• [Task requirements] Set down the whole listing below exactly, without pictures.

• [Given material]
┄┄┄┄┄┄┄┄┄┄┄┄┄┄┄┄┄┄┄┄
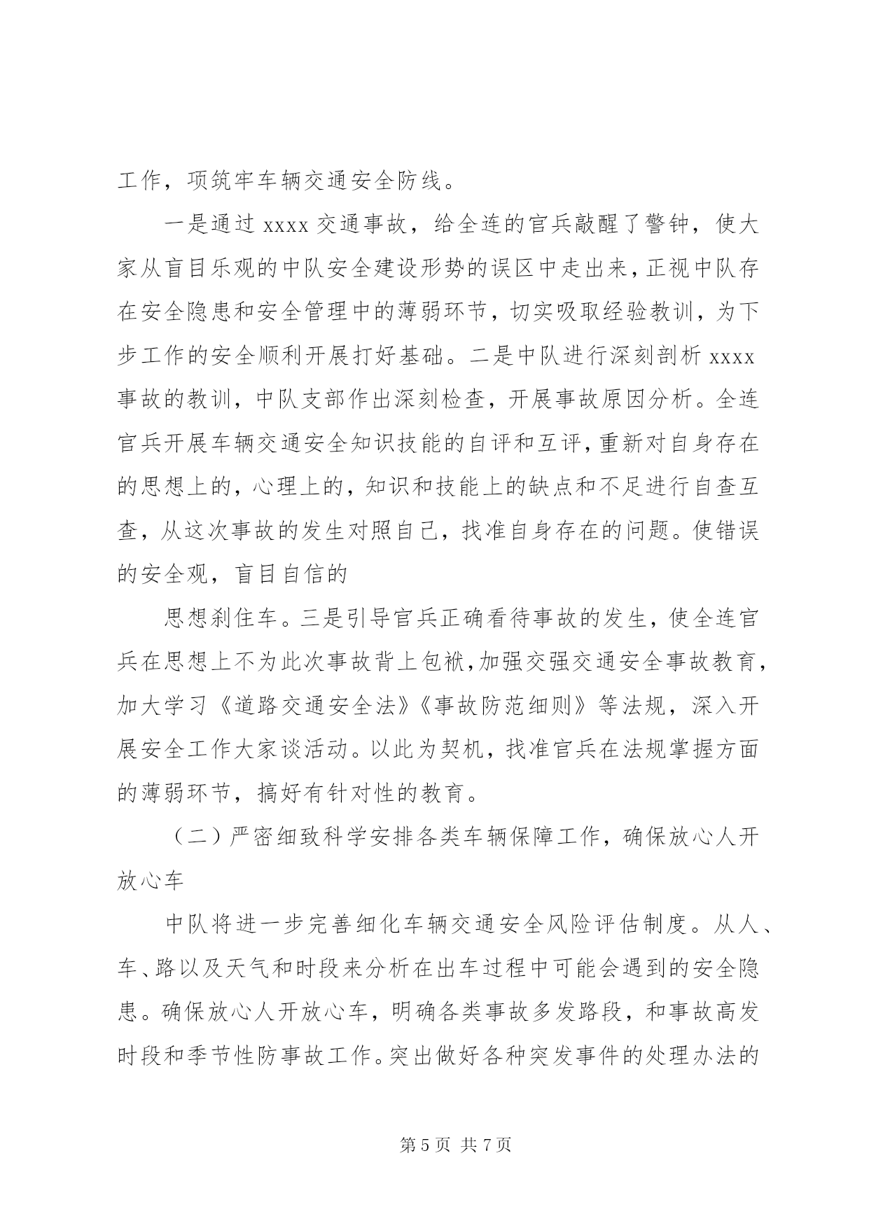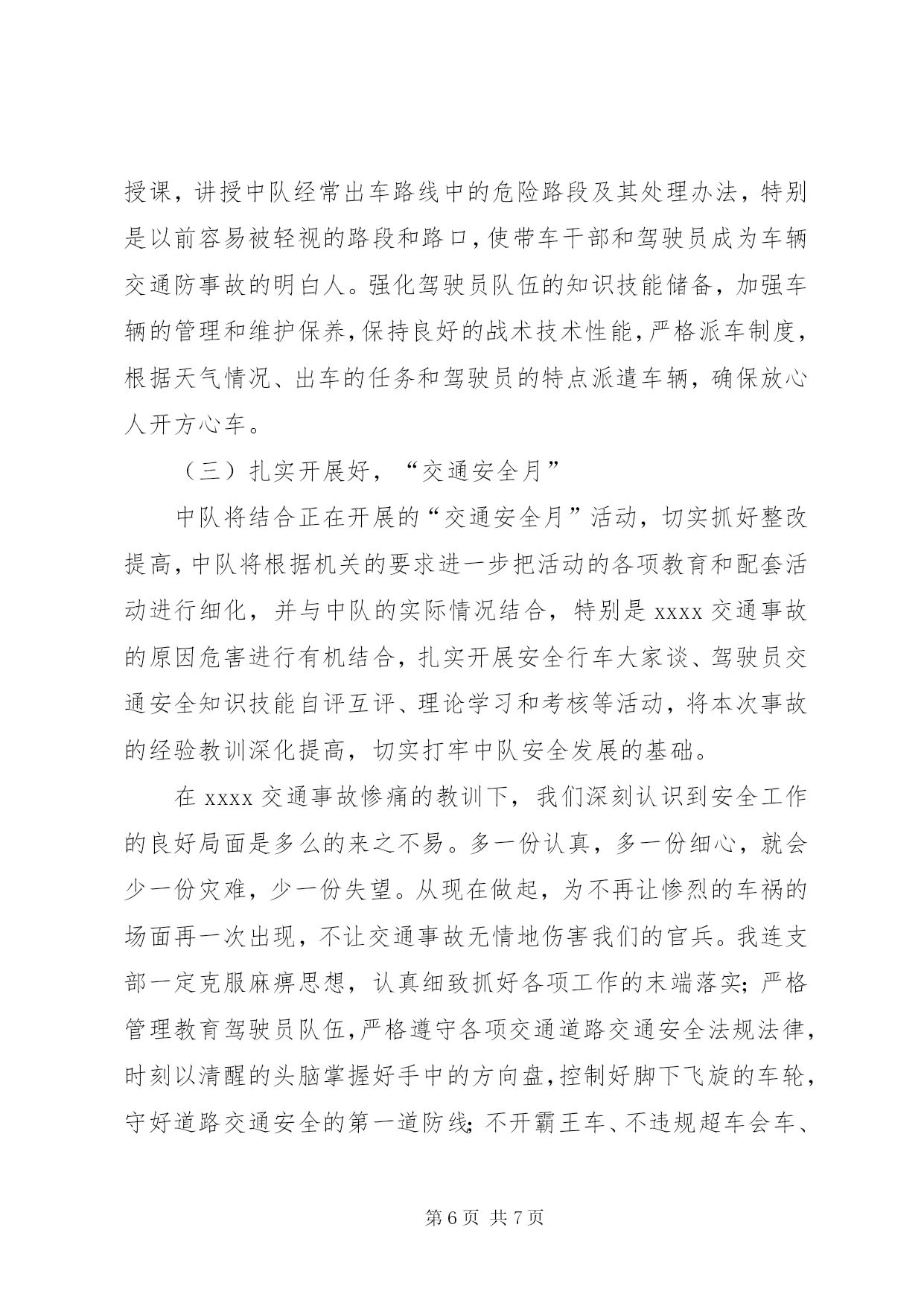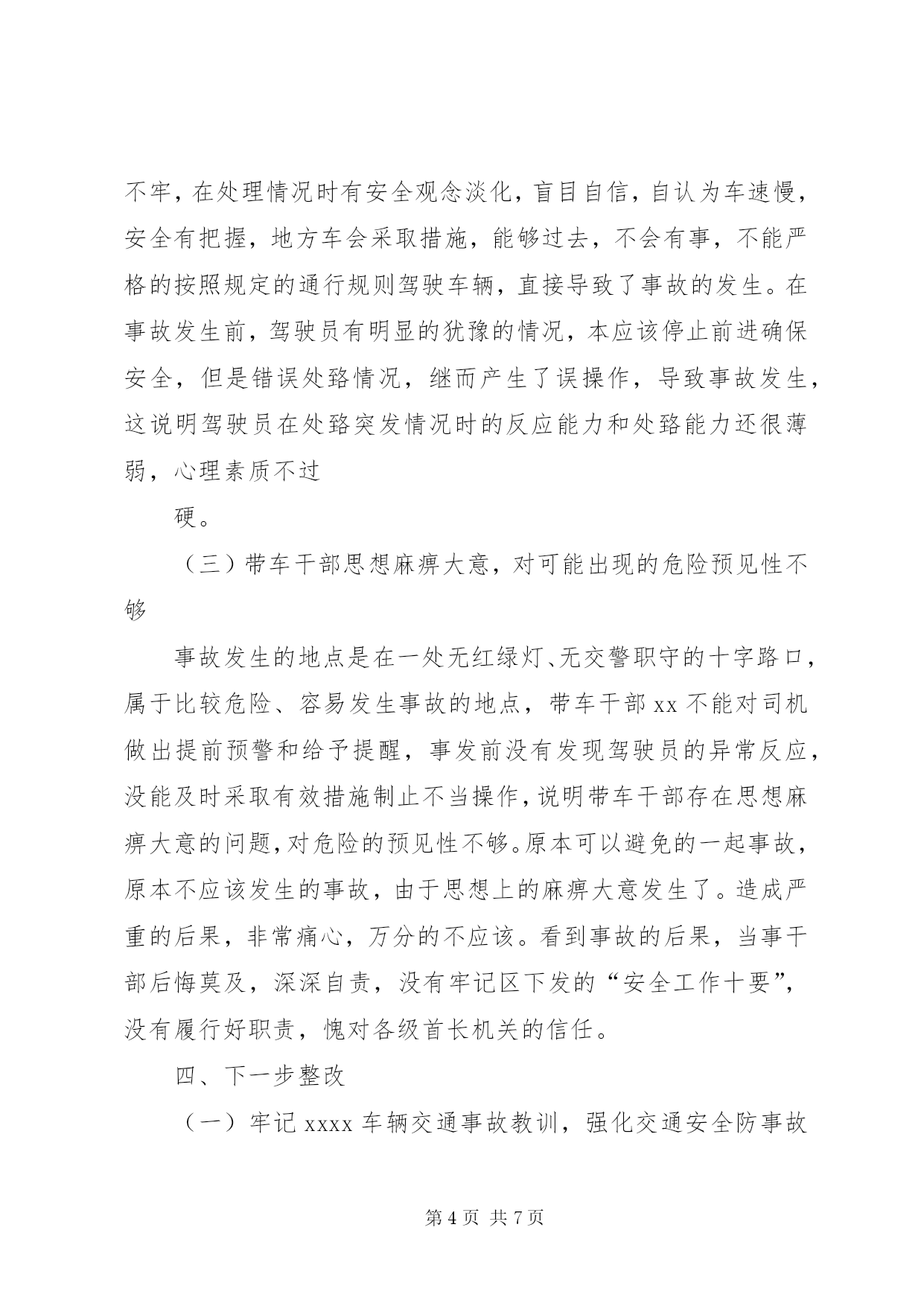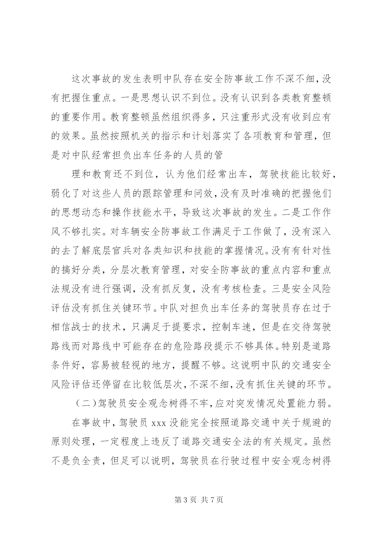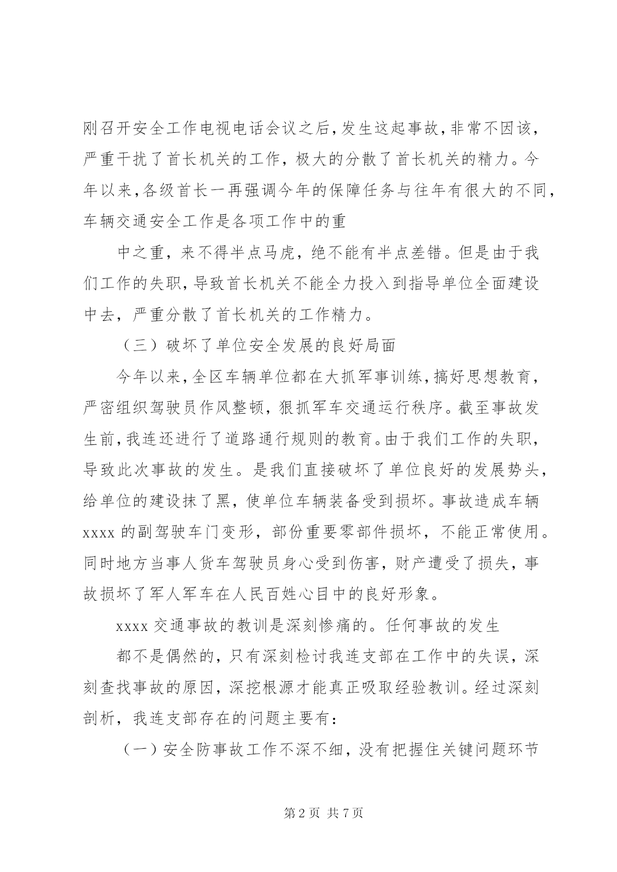 第PAGE\*Arabic\*MERGEFORMAT7页共NUMPAGES\*MERGEFORMAT7页交通安全检讨书xxxxx交通事故检查尊敬的xxx:我怀着无比愧疚的心情,为xxx车辆交通事故做深刻剖析和检查。2011年x月x日星期五我x从………………(事情经过),造成单位安全安全发展形势受到严重损坏,危害极其严重:(一)辜负了各级首长对中队的信任一直以来,我中队的全面建设都得到了各级首长的关心和帮助,中队在良好的环境中各项工作取得了明显的进步。特别是最近两年来,各级首长对我连在车辆保障方面的工作给予了高度的肯定,一些急难险重的任务都交给我连执行。这次事故的发生让我们愧疚万分。由于我们工作的失职,辜负了首长的信任,也破坏单位安全发展的大好形势。扪心自问,确实是由于我们工作的失职,深知车辆交通安全的重要,也看到了其他单位出事的危害,轮到我连怎么就对车辆交通安全没引起充分的重视呢。深刻反思我连工作的失误,我连官兵定会以认真而严肃、虔诚而紧张的态度看待车辆交通安全工作。(二)分散了首长机关的工作精力在单位大项任务多,抗洪抢险任务重的情况下,在省军区刚刚召开安全工作电视电话会议之后,发生这起事故,非常不因该,严重干扰了首长机关的工作,极大的分散了首长机关的精力。今年以来,各级首长一再强调今年的保障任务与往年有很大的不同,车辆交通安全工作是各项工作中的重中之重,来不得半点马虎,绝不能有半点差错。但是由于我们工作的失职,导致首长机关不能全力投入到指导单位全面建设中去,严重分散了首长机关的工作精力。(三)破坏了单位安全发展的良好局面今年以来,全区车辆单位都在大抓军事训练,搞好思想教育,严密组织驾驶员作风整顿,狠抓军车交通运行秩序。截至事故发生前,我连还进行了道路通行规则的教育。由于我们工作的失职,导致此次事故的发生。是我们直接破坏了单位良好的发展势头,给单位的建设抹了黑,使单位车辆装备受到损坏。事故造成车辆xxxx的副驾驶车门变形,部份重要零部件损坏,不能正常使用。同时地方当事人货车驾驶员身心受到伤害,财产遭受了损失,事故损坏了军人军车在人民百姓心目中的良好形象。xxxx交通事故的教训是深刻惨痛的。任何事故的发生都不是偶然的,只有深刻检讨我连支部在工作中的失误,深刻查找事故的原因,深挖根源才能真正吸取经验教训。经过深刻剖析,我连支部存在的问题主要有:(一)安全防事故工作不深不细,没有把握住关键问题环节这次事故的发生表明中队存在安全防事故工作不深不细,没有把握住重点。一是思想认识不到位。没有认识到各类教育整顿的重要作用。教育整顿虽然组织得多,只注重形式没有收到应有的效果。虽然按照机关的指示和计划落实了各项教育和管理,但是对中队经常担负出车任务的人员的管理和教育还不到位,认为他们经常出车,驾驶技能比较好,弱化了对这些人员的跟踪管理和问效,没有及时准确的把握他们的思想动态和操作技能水平,导致这次事故的发生。二是工作作风不够扎实。对车辆安全防事故工作满足于工作做了,没有深入的去了解底层官兵对各类知识和技能的掌握情况。没有有针对性的搞好分类,分层次教育管理,对安全防事故的重点内容和重点法规没有进行强调,没有抓反复,没有考核检查。三是安全风险评估没有抓住关键环节。中队对担负出车任务的驾驶员存在过于相信战士的技术,只满足于提要求,控制车速,但是在交待驾驶路线而对路线中可能存在的危险路段提示不够具体。特别是道路条件好,容易被轻视的地方,提醒不够。这说明中队的交通安全风险评估还停留在比较低层次,不深不细,没有抓住关键的环节。(二)驾驶员安全观念树得不牢,应对突发情况处置能力弱。在事故中,驾驶员xxx没能完全按照道路交通中关于规避的原则处理,一定程度上违反了道路交通安全法的有关规定。虽然不是负全责,但足可以说明,驾驶员在行驶过程中安全观念树得不牢,在处理情况时有安全观念淡化,盲目自信,自认为车速慢,安全有把握,地方车会采取措施,能够过去,不会有事,不能严格的按照规定的通行规则驾驶车辆,直接导致了事故的发生。在事故发生前,驾驶员有明显的犹豫的情况,本应该停止前进确保安全,但是错误处臵情况,继而产生了误操作,导致事故发生,这说明驾驶员在处臵突发情况时的反应能力和处臵能力还很薄弱,心理素质不过硬。(三)带车干部思想麻痹大意,对可能出现的危险预见性不够事故发生的地点是在一处无红绿灯、无交警职守的十字路口,属于比较危险、容易发生事故的地点,带车干部xx不能对司机做出提前预警和给予提醒,事发前没有发现驾驶员的异常反应,没能及时采取有效措施制止不当操作,说明带车干部存在思想麻痹大意的问题,对危险的预见性不够。原本可以避免的一起事故,原本不应该发生的事故,由于思想上的麻痹大意发生了。造成严重的后果,非常痛心,万分的不应该。看到事故的后果,当事干部
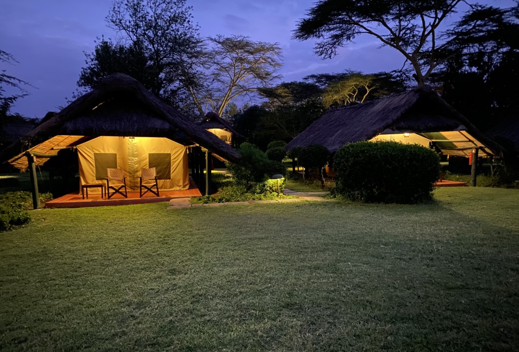 Finally, finally finally we arrived at Mara Engai Lodge, only to find that we had to park below and pile into a different jeep that the lodge provides, to get up (and I do mean UP) the final stretch to the actual lodge, overlooking the valley. Getting into another jeep was the last thing I wanted to do. They greeted us with a glass of juice and a hot face towel. Very nice. During the orientation, they said don’t walk around after dark because of the animals. But during the day is safe.
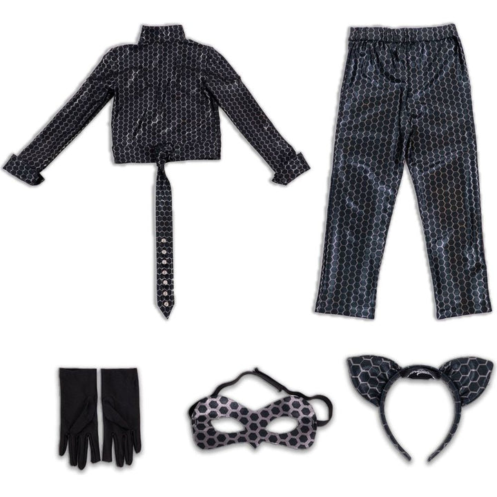 Unleash your inner feline hero with our A Leading Role Cat Noir Child Dress Up Set; the officially licensed Cat Noir 4 pc. costume set celebrates a decade of purr-fect partnership! Featuring an iconic ear headband, sleek eye mask, and a stylish zipper-front jacket with bell charm and belt tail detail, with matching pan
┄┄┄┄┄┄┄┄┄┄┄┄┄┄┄┄┄┄┄┄
• [Problem solution]
 第PAGE\*Arabic\*MERGEFORMAT7页共NUMPAGES\*MERGEFORMAT7页交通安全检讨书xxxxx交通事故检查尊敬的xxx:我怀着无比愧疚的心情,为xxx车辆交通事故做深刻剖析和检查。2011年x月x日星期五我x从………………(事情经过),造成单位安全安全发展形势受到严重损坏,危害极其严重:(一)辜负了各级首长对中队的信任一直以来,我中队的全面建设都得到了各级首长的关心和帮助,中队在良好的环境中各项工作取得了明显的进步。特别是最近两年来,各级首长对我连在车辆保障方面的工作给予了高度的肯定,一些急难险重的任务都交给我连执行。这次事故的发生让我们愧疚万分。由于我们工作的失职,辜负了首长的信任,也破坏单位安全发展的大好形势。扪心自问,确实是由于我们工作的失职,深知车辆交通安全的重要,也看到了其他单位出事的危害,轮到我连怎么就对车辆交通安全没引起充分的重视呢。深刻反思我连工作的失误,我连官兵定会以认真而严肃、虔诚而紧张的态度看待车辆交通安全工作。(二)分散了首长机关的工作精力在单位大项任务多,抗洪抢险任务重的情况下,在省军区刚刚召开安全工作电视电话会议之后,发生这起事故,非常不因该,严重干扰了首长机关的工作,极大的分散了首长机关的精力。今年以来,各级首长一再强调今年的保障任务与往年有很大的不同,车辆交通安全工作是各项工作中的重中之重,来不得半点马虎,绝不能有半点差错。但是由于我们工作的失职,导致首长机关不能全力投入到指导单位全面建设中去,严重分散了首长机关的工作精力。(三)破坏了单位安全发展的良好局面今年以来,全区车辆单位都在大抓军事训练,搞好思想教育,严密组织驾驶员作风整顿,狠抓军车交通运行秩序。截至事故发生前,我连还进行了道路通行规则的教育。由于我们工作的失职,导致此次事故的发生。是我们直接破坏了单位良好的发展势头,给单位的建设抹了黑,使单位车辆装备受到损坏。事故造成车辆xxxx的副驾驶车门变形,部份重要零部件损坏,不能正常使用。同时地方当事人货车驾驶员身心受到伤害,财产遭受了损失,事故损坏了军人军车在人民百姓心目中的良好形象。xxxx交通事故的教训是深刻惨痛的。任何事故的发生都不是偶然的,只有深刻检讨我连支部在工作中的失误,深刻查找事故的原因,深挖根源才能真正吸取经验教训。经过深刻剖析,我连支部存在的问题主要有:(一)安全防事故工作不深不细,没有把握住关键问题环节这次事故的发生表明中队存在安全防事故工作不深不细,没有把握住重点。一是思想认识不到位。没有认识到各类教育整顿的重要作用。教育整顿虽然组织得多,只注重形式没有收到应有的效果。虽然按照机关的指示和计划落实了各项教育和管理,但是对中队经常担负出车任务的人员的管理和教育还不到位,认为他们经常出车,驾驶技能比较好,弱化了对这些人员的跟踪管理和问效,没有及时准确的把握他们的思想动态和操作技能水平,导致这次事故的发生。二是工作作风不够扎实。对车辆安全防事故工作满足于工作做了,没有深入的去了解底层官兵对各类知识和技能的掌握情况。没有有针对性的搞好分类,分层次教育管理,对安全防事故的重点内容和重点法规没有进行强调,没有抓反复,没有考核检查。三是安全风险评估没有抓住关键环节。中队对担负出车任务的驾驶员存在过于相信战士的技术,只满足于提要求,控制车速,但是在交待驾驶路线而对路线中可能存在的危险路段提示不够具体。特别是道路条件好,容易被轻视的地方,提醒不够。这说明中队的交通安全风险评估还停留在比较低层次,不深不细,没有抓住关键的环节。(二)驾驶员安全观念树得不牢,应对突发情况处置能力弱。在事故中,驾驶员xxx没能完全按照道路交通中关于规避的原则处理,一定程度上违反了道路交通安全法的有关规定。虽然不是负全责,但足可以说明,驾驶员在行驶过程中安全观念树得不牢,在处理情况时有安全观念淡化,盲目自信,自认为车速慢,安全有把握,地方车会采取措施,能够过去,不会有事,不能严格的按照规定的通行规则驾驶车辆,直接导致了事故的发生。在事故发生前,驾驶员有明显的犹豫的情况,本应该停止前进确保安全,但是错误处臵情况,继而产生了误操作,导致事故发生,这说明驾驶员在处臵突发情况时的反应能力和处臵能力还很薄弱,心理素质不过硬。(三)带车干部思想麻痹大意,对可能出现的危险预见性不够事故发生的地点是在一处无红绿灯、无交警职守的十字路口,属于比较危险、容易发生事故的地点,带车干部xx不能对司机做出提前预警和给予提醒,事发前没有发现驾驶员的异常反应,没能及时采取有效措施制止不当操作,说明带车干部存在思想麻痹大意的问题,对危险的预见性不够。原本可以避免的一起事故,原本不应该发生的事故,由于思想上的麻痹大意发生了。造成严重的后果,非常痛心,万分的不应该。看到事故的后果,当事干部
 Finally, finally finally we arrived at Mara Engai Lodge, only to find that we had to park below and pile into a different jeep that the lodge provides, to get up (and I do mean UP) the final stretch to the actual lodge, overlooking the valley. Getting into another jeep was the last thing I wanted to do. They greeted us with a glass of juice and a hot face towel. Very nice. During the orientation, they said don’t walk around after dark because of the animals. But during the day is safe.
 Unleash your inner feline hero with our A Leading Role Cat Noir Child Dress Up Set; the officially licensed Cat Noir 4 pc. costume set celebrates a decade of purr-fect partnership! Featuring an iconic ear headband, sleek eye mask, and a stylish zipper-front jacket with bell charm and belt tail detail, with matching pan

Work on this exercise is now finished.